You could should probably at least store it in a temp variable OR.. use sqrMagnitude! because that's much faster... but then you find yourself in the issue of positives and negatives... But you could solve that by figuring out if the individual original components of the vector are positive or negative.
Makes sense?
I'm not whistling dixie, calling 2 sqrt calls will be expensive. It is NOT negligible when working on mobile apps, and it should simply never be done if avoidable.
And although I understand for simplicity, this is not a thing of case by case optimisation, it is simply better practice -_-...
I noticed some games a while back that seemed to calibrate the dead zones during loading screens. I can't remember any specific titles but I do remember playing fps's that I could screw with if I cranked the joysticks to their maximum positions (or any positions I'm guessing) and held it still during the entire loading screens.

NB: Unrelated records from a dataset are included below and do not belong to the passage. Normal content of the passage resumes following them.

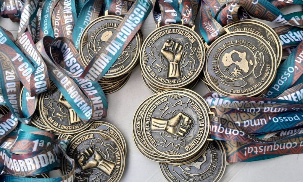 Os participantes da corrida receberam medalhas com o símbolo da ressintência negra.
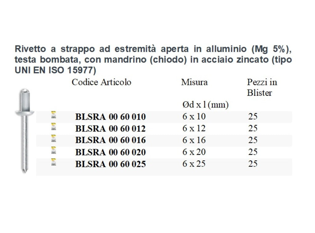 Conformità alle norme: Questo rivetto è conforme alle norme UNI EN ISO 15977, garantendo standard di qualità elevati.
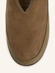 3. Lined with natural shearling featuring dense, trimmed wool
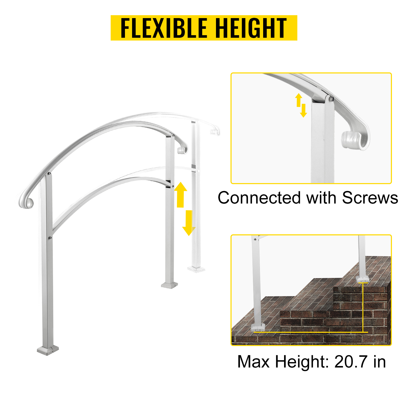 With screws connection, this outdoor stair railing is height changeable to suit steps of different sizes. The max height for stairs is 20.7"/52.5 cm, flexible to meet your various needs.
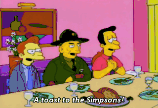 A toast to the Simpsons! And to the delectable turkey-- That's walking around the table? Dear Lord! It's a demon bird!
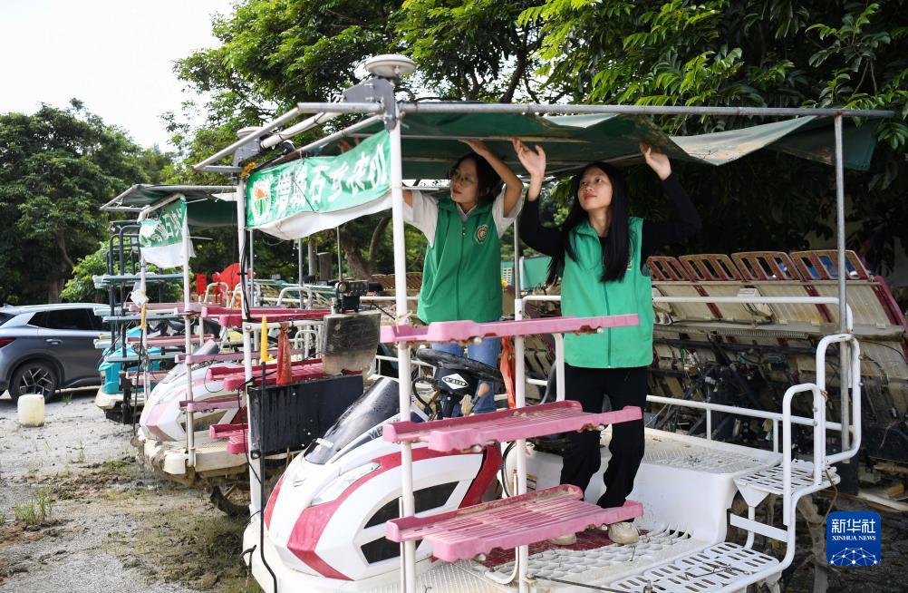 9月18日,在广州市增城区石滩镇石湖村的石乡农机专业合作社,连日大雨后,沈燕芬(左)和沈笑芬清理农机遮阳棚。
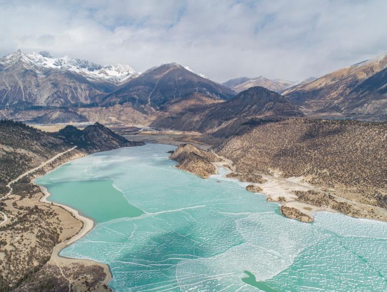 2月16日,西藏昌都,然烏湖半冰半水的湖面與雪山、藍(lán)天相互映襯,美如畫(huà)卷。(無(wú)人機(jī)照片)
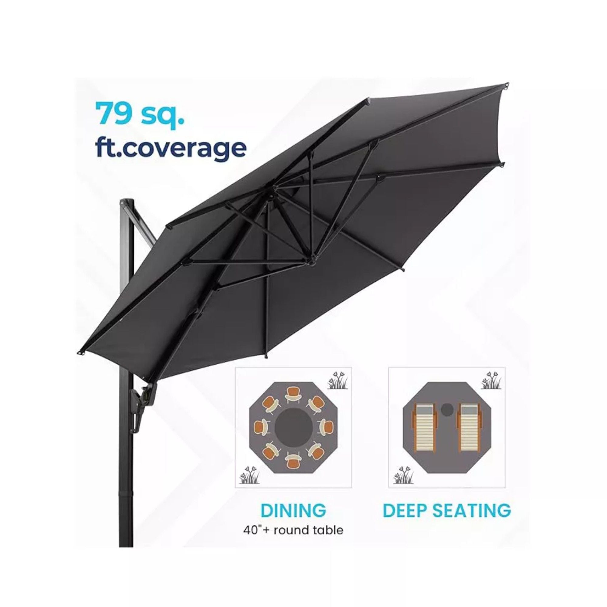 • Expansive Shade Coverage: round canopy provides over 95 sq ft of shaded area, ideal for large outdoor gatherings and seating zones.
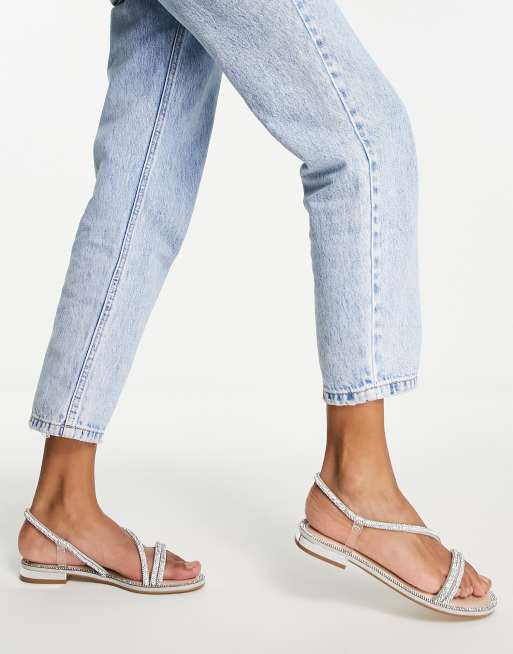 ALDO – Srebrne zdobione sandały z wielu pasków
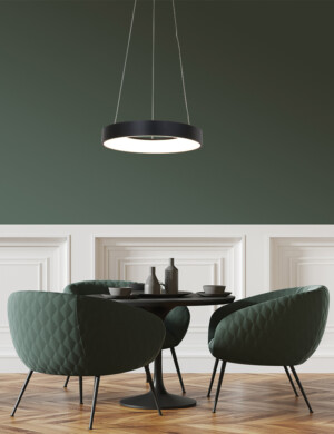 El diseño del anillo de la línea de lámparas colgantes LED Ringlede de Steinhauer se presenta, en este caso, en color negro. Combina con espacios minimalistas o modernos. Esta lámpara luce genial sobre una mesa de comedor redonda negra, rodeada de sillas de polipropileno blancas y negras o sillas tapizadas de última generación. Puede combinarse con apliques LED minimalistas negros.
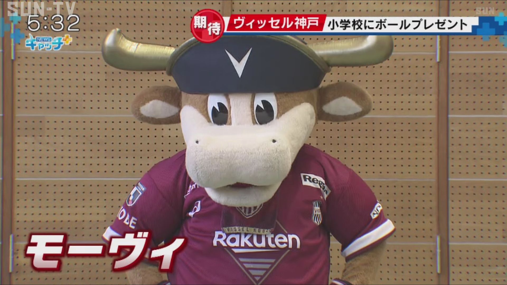 神戸市長田区の宮川小学校を訪れたのは、ヴィッセル神戸のマスコットキャラクター・モーヴィ。
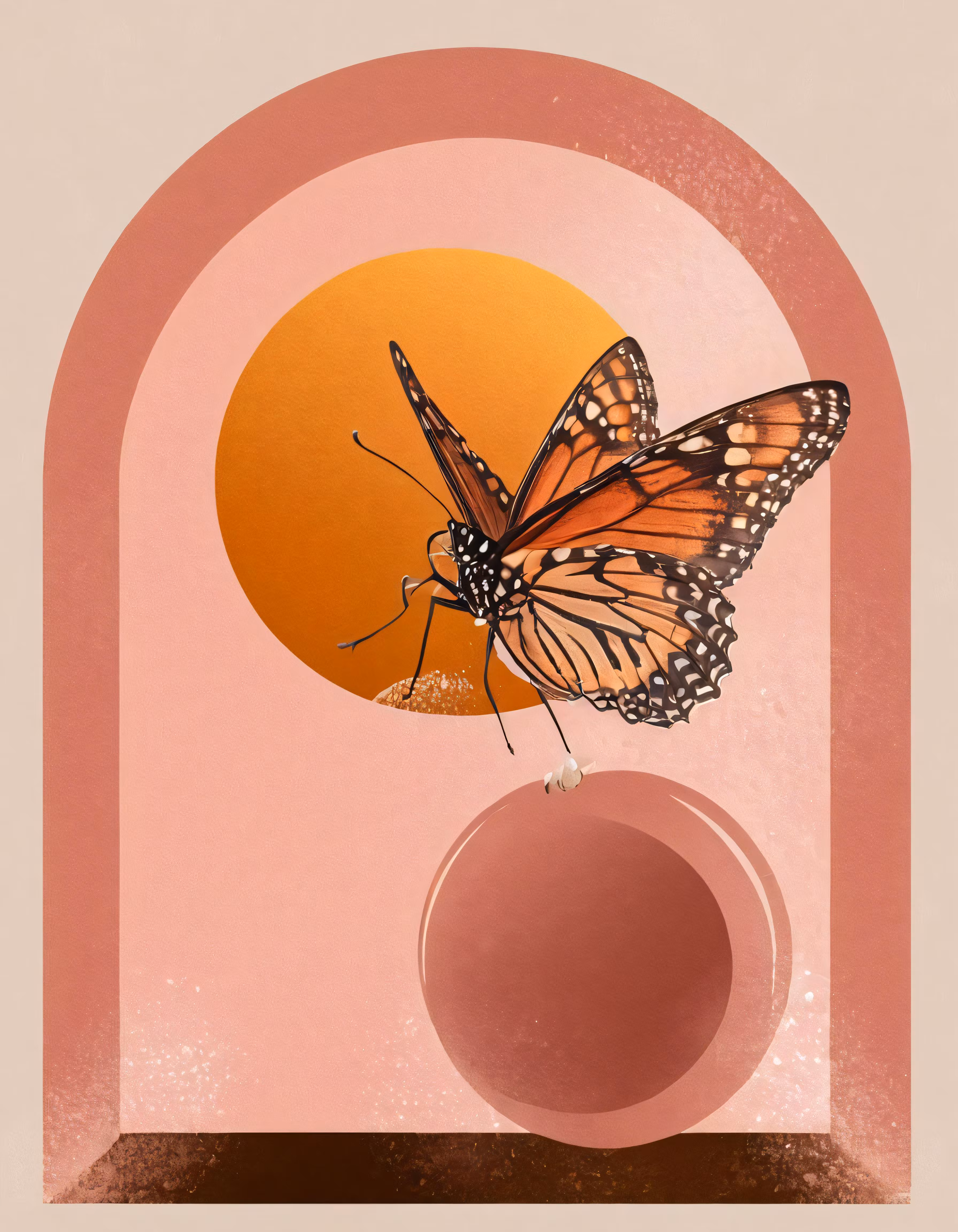 High resolution picture, free to use, a monarch butterfly flying on an orange and pink sphere

Is sampling the inputs several times during a loadscreen and modifying the dead zone accordingly (as long as there is no variance) something standard in games or even built in? and Is it a good idea?
Another fun one is to ask the users to go right then let go. Remember, those things have *springs* inside.
A dead zone value of 1 should prevent all input (1 means 100% stick extension). Anything above 1 should be effectively meaningless. Since you're still getting drift, that makes me wonder about the code you're using to read the stick. Is it possible that code is accidentally introducing some drift *after* pulling the stick input, maybe in some custom smoothing math or anything like that?
Alternatively, you might look at the input manager's "sensitivity" and "gravity" settings; they can cause inputs to change over time when your thumb isn't on the stick/button, and if they're set to outlandish values you might see such a disconnect that it feels like a drift.
It's hard to say without seeing your code/project/setup directly but I'd look at those two things first.